Dara O’Neil, 35, an education-policy analyst and her husband, Kyle Knight, 41, a furniture maker, were planning to have their house bulldozed to make room for a new one, but still decided to invite friends over for an evening of beer and aimless vandalism. The couple had planned to save one drywall section to put in their new house as a memorial, but by the end of the night there wasn’t any left. “It just turned into everyone with two hammers in their arms going crazy,” Ms. O’Neil says.
Both guests and hosts say it’s generally understood that mistakes are bound to happen and when they do, there’s really no need for an elaborate apology. “I just thought, ‘This is the cost of free labor,'” says Roland Dandy, the 44-year-old postal worker who knocked down the wrong wall at Debora Beam’s party in Toronto.
Some partygoers are getting tired of the tradition. Gabe Taylor, 33, a geologist in Olympia, Wash., says he’s already helped one couple build a split-rail fence and a gazebo in the last year and has since skipped about half of their party invitations. When he’s ready to renovate his new house, Mr.
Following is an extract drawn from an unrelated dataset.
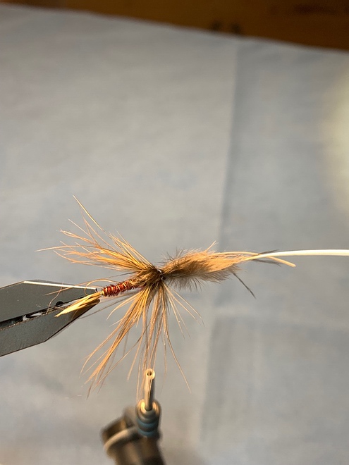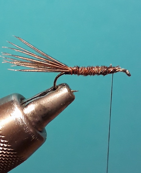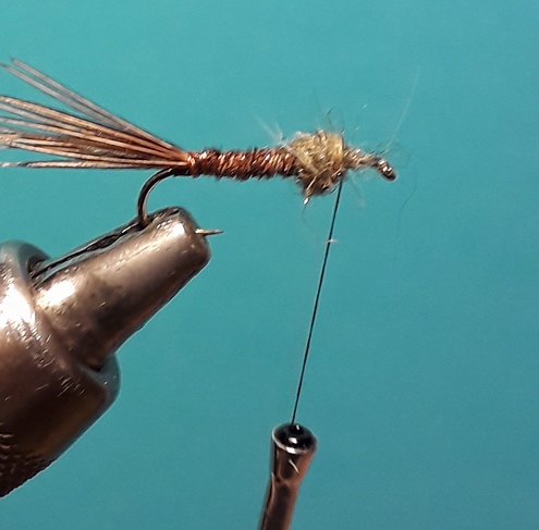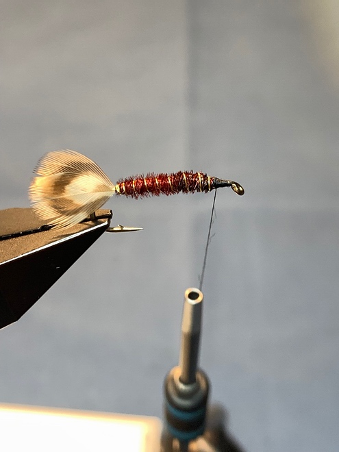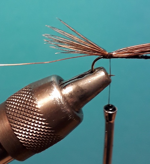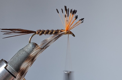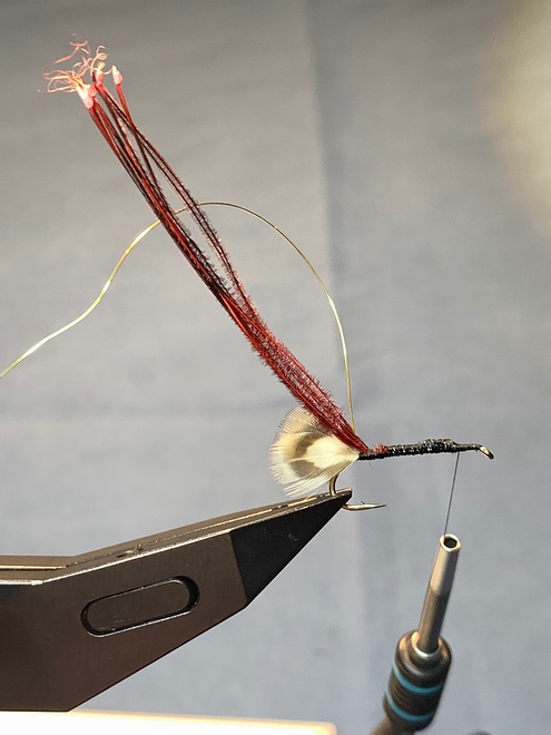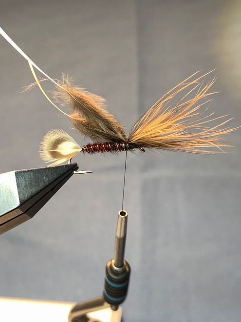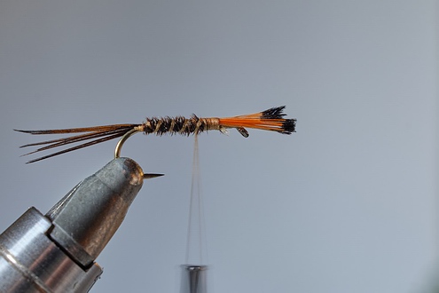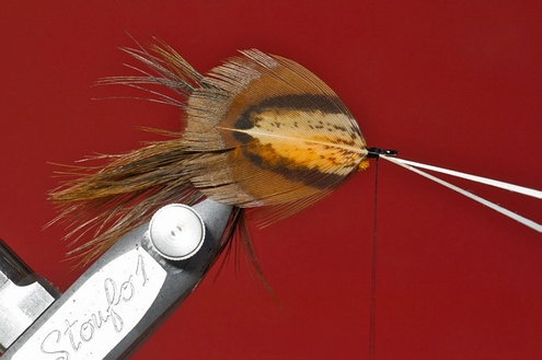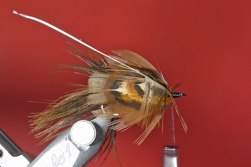 | Nochmals Fasanenfibern einbinden, wie auf dem

Taylor says, “I’m going to try to sucker them down to Olympia with the promise of a good time drinking and listening to music and then when they get here, I’m going to hand them a shovel and a paint brush.”
Marketing executives at Home Depot say the company has noticed that women are holding do-it-yourself work parties, and has incorporated that concept into a new promotional campaign. Producers of the HGTV show “Over Your Head,” which helps people fix their botched renovation jobs, say they’re already getting two or three submissions a week that involve mishaps made at renovation parties.
After her do-it-yourself renovation plan went awry in Toronto, Ms. Beam contacted producers from a TV show called “Save Our House, Save Our Family,” which sent a contractor (and a camera crew) to help her patch things up. The episode airs on the AmericanLife TV Network in November.
Ken King, a 35-year-old Seattle advertising manager, says he didn’t get too frustrated when his brother-in-law, Jonathan Cook, laid a floor’s worth of crooked tiles in his bathroom at a party in 2002. The free labor was worth the inconvenience. But he says he did learn a lesson: For his next renovation party later this year, he plans to assign only menial tasks or, as he puts it, “things you kind of can’t screw up.”
Among them, breaking concrete and moving rocks for a backyard wall. “Grunt labor is what I’m looking for,” he says.